*Aim of the task*. Leave out the pictures, and copy exactly the lines from the line with "根據網店的不同規模,Shop" through the last line of the data below.

*Dataset excerpt*.
——————————

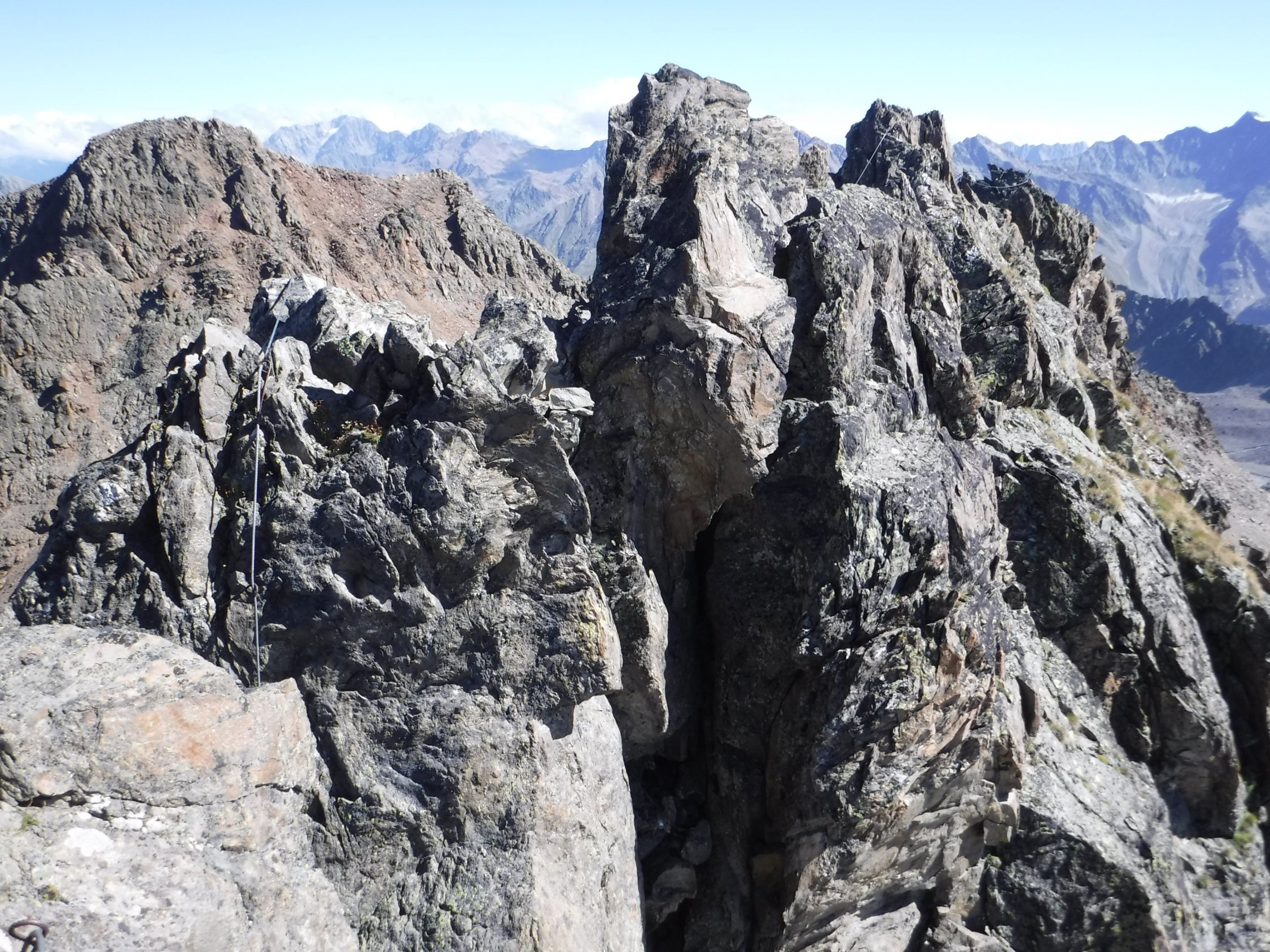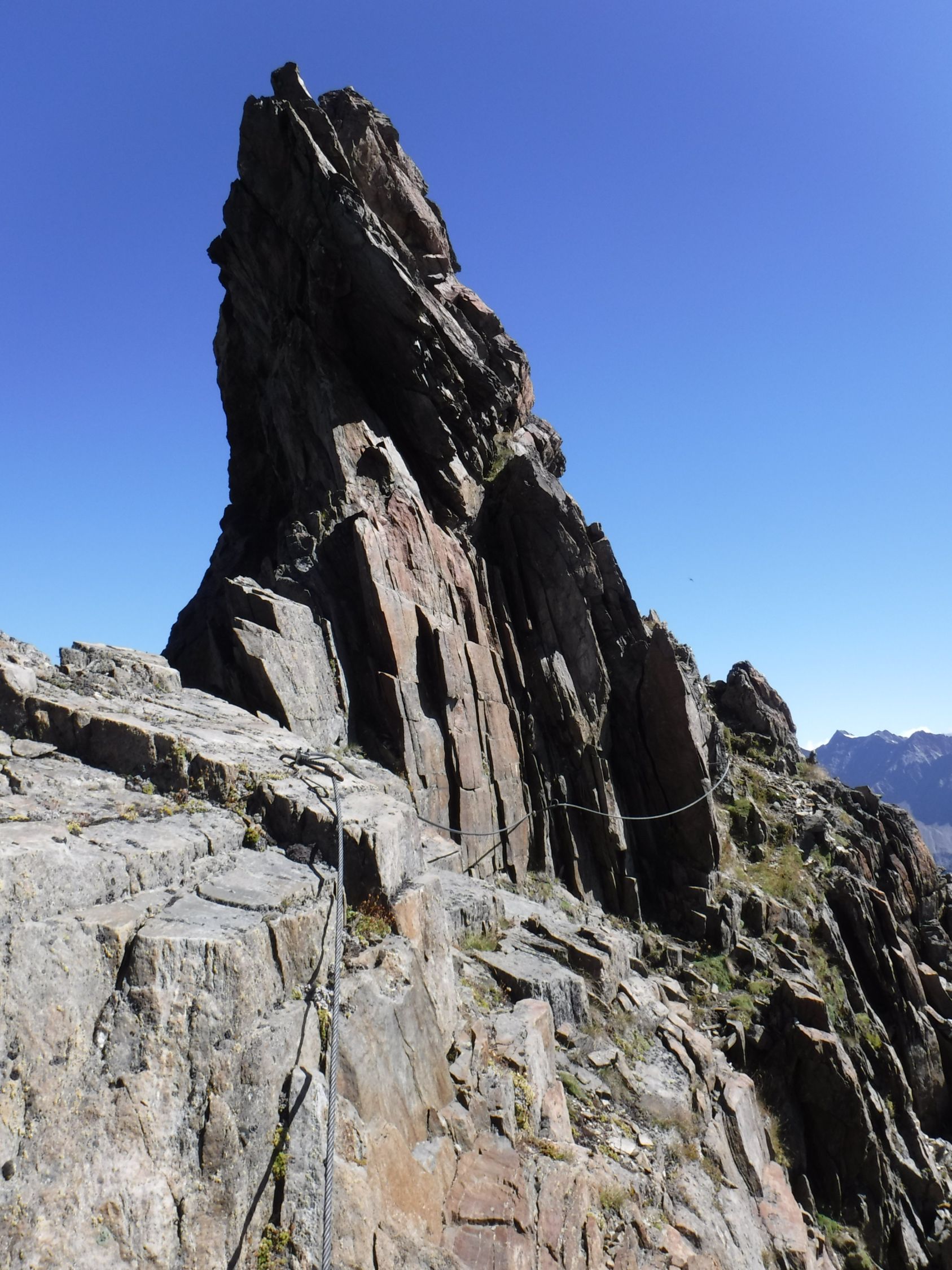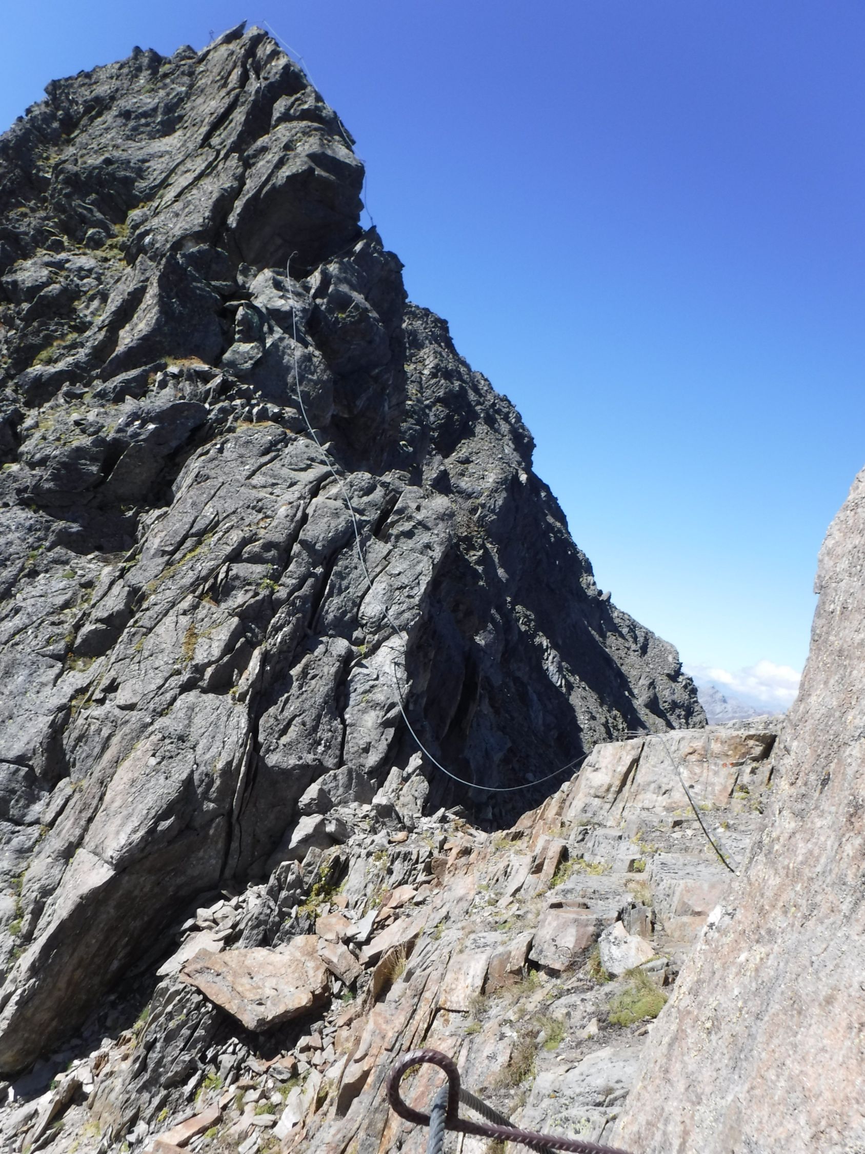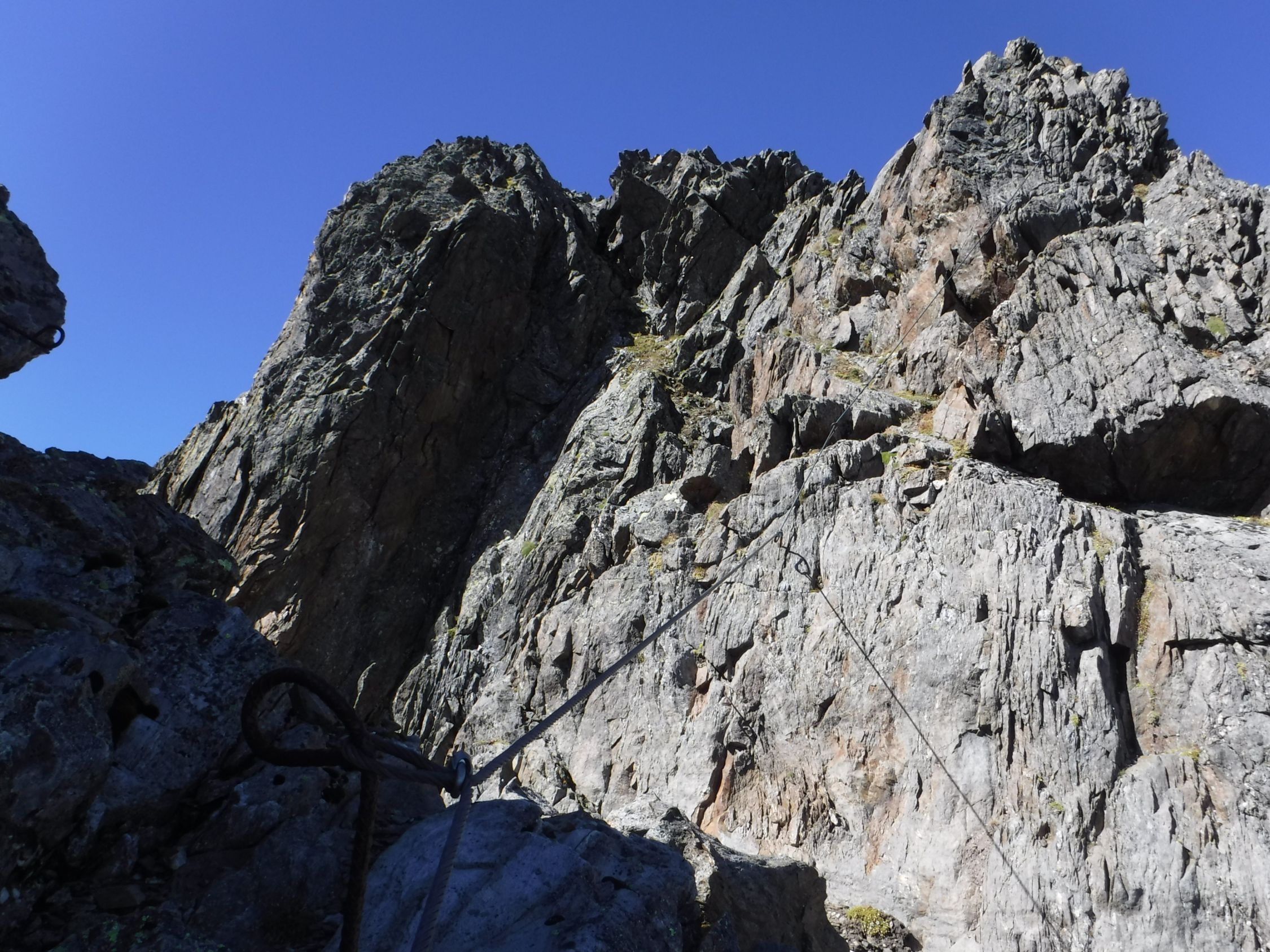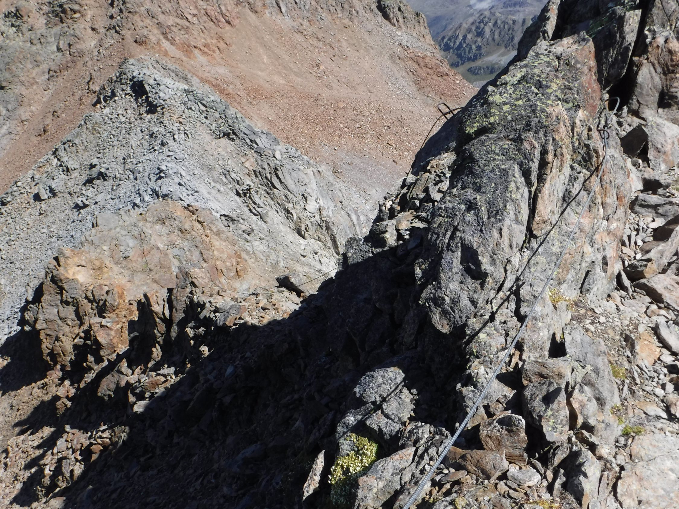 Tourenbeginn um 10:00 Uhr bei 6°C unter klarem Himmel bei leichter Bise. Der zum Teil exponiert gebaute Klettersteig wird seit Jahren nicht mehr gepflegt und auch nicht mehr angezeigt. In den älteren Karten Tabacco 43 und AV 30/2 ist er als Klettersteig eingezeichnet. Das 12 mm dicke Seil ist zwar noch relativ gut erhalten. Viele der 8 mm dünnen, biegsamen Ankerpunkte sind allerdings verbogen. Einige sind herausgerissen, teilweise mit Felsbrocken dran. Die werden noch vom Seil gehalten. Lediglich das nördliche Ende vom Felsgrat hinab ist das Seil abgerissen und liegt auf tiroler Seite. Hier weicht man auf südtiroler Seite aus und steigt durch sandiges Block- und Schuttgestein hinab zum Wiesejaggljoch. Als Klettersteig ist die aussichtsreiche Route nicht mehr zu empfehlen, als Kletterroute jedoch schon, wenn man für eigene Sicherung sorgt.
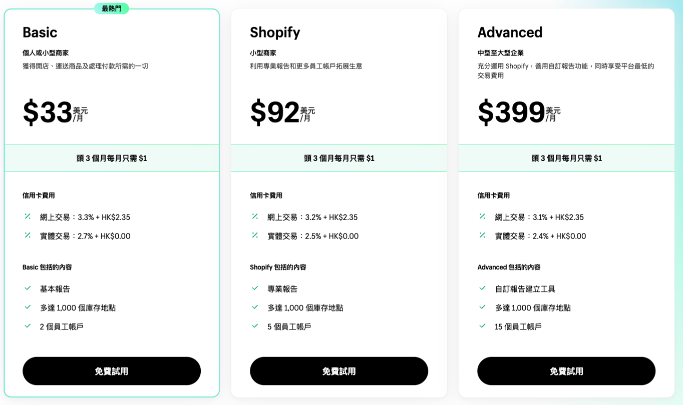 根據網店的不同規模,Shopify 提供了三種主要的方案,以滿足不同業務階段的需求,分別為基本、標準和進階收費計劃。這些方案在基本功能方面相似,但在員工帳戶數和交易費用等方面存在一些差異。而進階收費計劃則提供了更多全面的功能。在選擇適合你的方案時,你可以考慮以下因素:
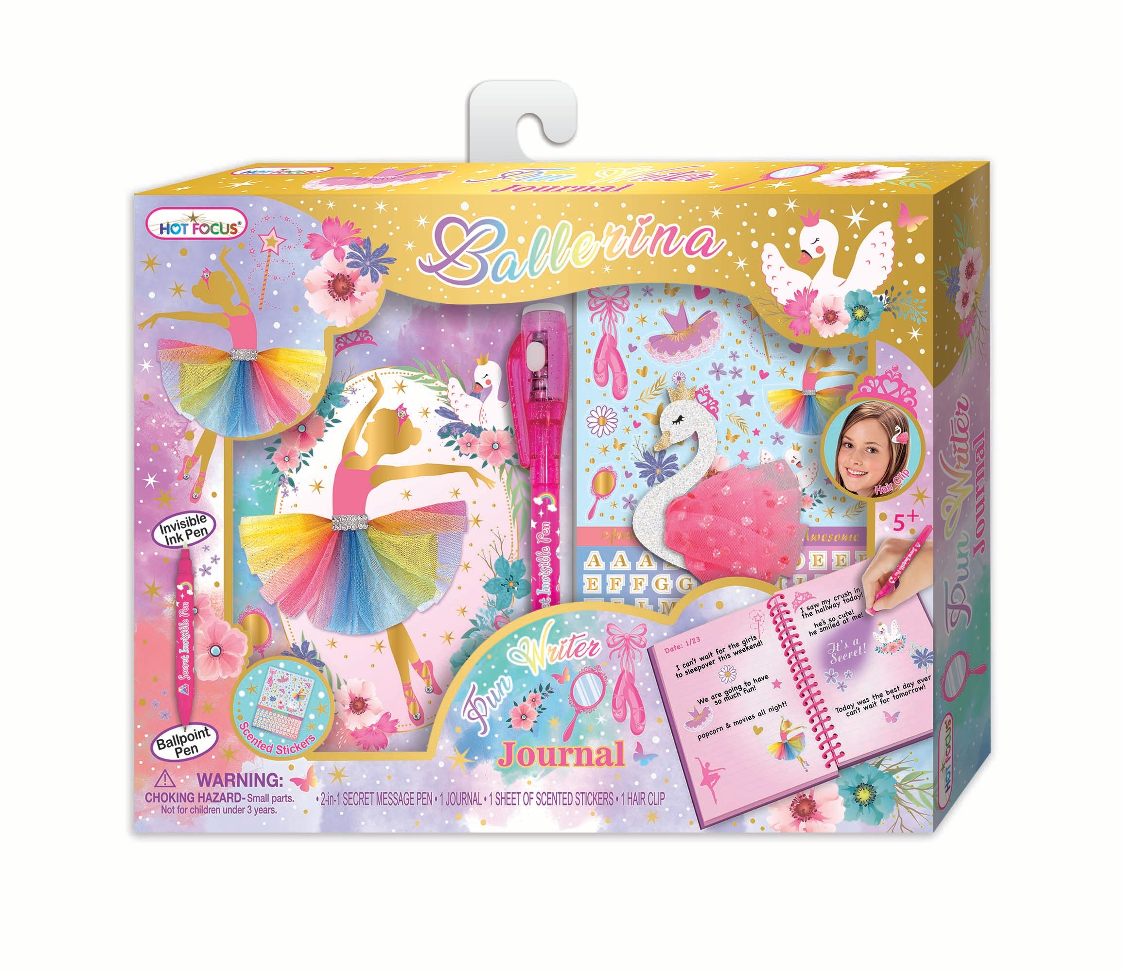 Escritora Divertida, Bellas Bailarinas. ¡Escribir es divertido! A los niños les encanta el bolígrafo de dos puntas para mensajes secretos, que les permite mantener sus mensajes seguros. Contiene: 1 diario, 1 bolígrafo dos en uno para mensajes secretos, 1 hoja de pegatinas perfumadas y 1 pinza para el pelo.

——————————

*Your solution*.
 根據網店的不同規模,Shopify 提供了三種主要的方案,以滿足不同業務階段的需求,分別為基本、標準和進階收費計劃。這些方案在基本功能方面相似,但在員工帳戶數和交易費用等方面存在一些差異。而進階收費計劃則提供了更多全面的功能。在選擇適合你的方案時,你可以考慮以下因素:
 Escritora Divertida, Bellas Bailarinas. ¡Escribir es divertido! A los niños les encanta el bolígrafo de dos puntas para mensajes secretos, que les permite mantener sus mensajes seguros. Contiene: 1 diario, 1 bolígrafo dos en uno para mensajes secretos, 1 hoja de pegatinas perfumadas y 1 pinza para el pelo.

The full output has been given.